I’ll be the “yeah, but” guy here, because:

  1. This has not been my experience.
  2. It really doesn’t matter.

The incident

When I switched to the Mac in 2008, all of my text file notes got corrupted in the move. I didn’t notice for a while because work occupied most of my time, and (non-developer) corporate work never happens in text files.

By the time I went back to my notes, all of the titles and meta data had been replaced with gibberish. Luckily, the internal copy wasn’t corrupted, and I didn’t care enough at the time to dip into my backups, so it wasn’t a huge deal.

The meta data of a note/file is critical to me now. It gives valuable context the internal text usually doesn’t.

A business idea from when I was a 25-year-old idiot carries very little weight compared to one I came up when I was 40. A content strategy tip from 1999 is not likely as applicable in 2022. I won’t even get into titles, tags, and location. You get the idea.

It doesn’t matter anyway

Use whatever medium and constraint works for you.

Every medium for ideas is corruptible. There’s no magic file format. Most are likely to last long enough for you to convert to something else if need be. It’s more important to find the constraint that works for you. Text may be it. But maybe it’s audio. Maybe, with storage and transcription becoming less of an issue, video will be the most prized and stable format those with shorter attention spans (I see it in kids right now).

I wouldn’t worry too much about your archive, though. Nothing digital is of archival quality. There hasn’t been enough time to test any format or storage method. When it all shakes out in 400 years or so, I doubt anything we use now will be the preferred format. I’m not even sure humans will be a preferred biological format.

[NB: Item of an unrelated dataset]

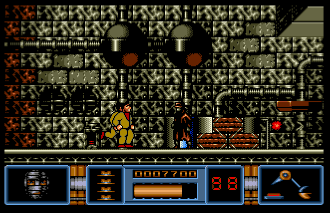 Alle ĂŒberwĂ€ltigten Gangster verlieren kleine Pakete, die der Spieler aufsammeln sollte. Sie geben ihm einiges der verbrauchten Kraftreserven zurĂŒck. Am Ende dieses Levels trifft man auf âDurantâ, dessen Aktentasche mit Geldinhalt man sich aneignen muĂ. Danach findet man sich als Gefangener in einer Fabrik wieder. In einer an âRobo-Copâ erinnernden Umgebung heiĂt es nun, weitere Bösewichter zu eliminieren und, wie bei einem guten Plattformspiel auf verschiedenen Ebenen, ĂŒber bewegliche Rampen und auf Leitern bis zum Dach vorzudringen. Dort versucht âDurantâ, mit einem Helikopter zu flĂŒchten. Wagemutig hĂ€ngt man sich an das Seil, das vom Hubschrauber herabhĂ€ngt. NatĂŒrlich versucht der Schurke, die unfreiwillige Last am Seil loszuwerden, und man braucht sehr viel Geschick, um diese Situation heil zu ĂŒberstehen. Ist dies geschafft, folgt das groĂe farbenprĂ€chtige Finale, dessen Einzelheiten wir hier nicht vorwegnehmen wollen.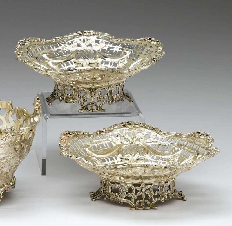 Pair of Victorian sterling silver pierced bon bon dishes william comyns, london, 1889

You know what has lasted longer than text files for me? Email, Word docs, and PDFs — all file formats I would never count on for their archival qualities.

Also, none of this really matters. Legacy is a sales tool. No one is likely to dig through your thoughts in any file format.

What matters is how you transform the text into useful stuff for you and others. Even then, it will be forgotten quickly.

It’s important to think of your captured thoughts as fleeting bits of information across all formats and uses. Maybe you’ll get back to them. Maybe you’ll use them. But investing everything in one, stable format doesn’t take away their fleeting nature. Thoughts will exist here and there for a while, then be gone and forgotten. Just like you.

I find that very humbling, but comforting as well.

I’m sure Derek and Patrick agree with most of this, and choose the text file as the best candidate for them, given all the above. It’s just not for everyone.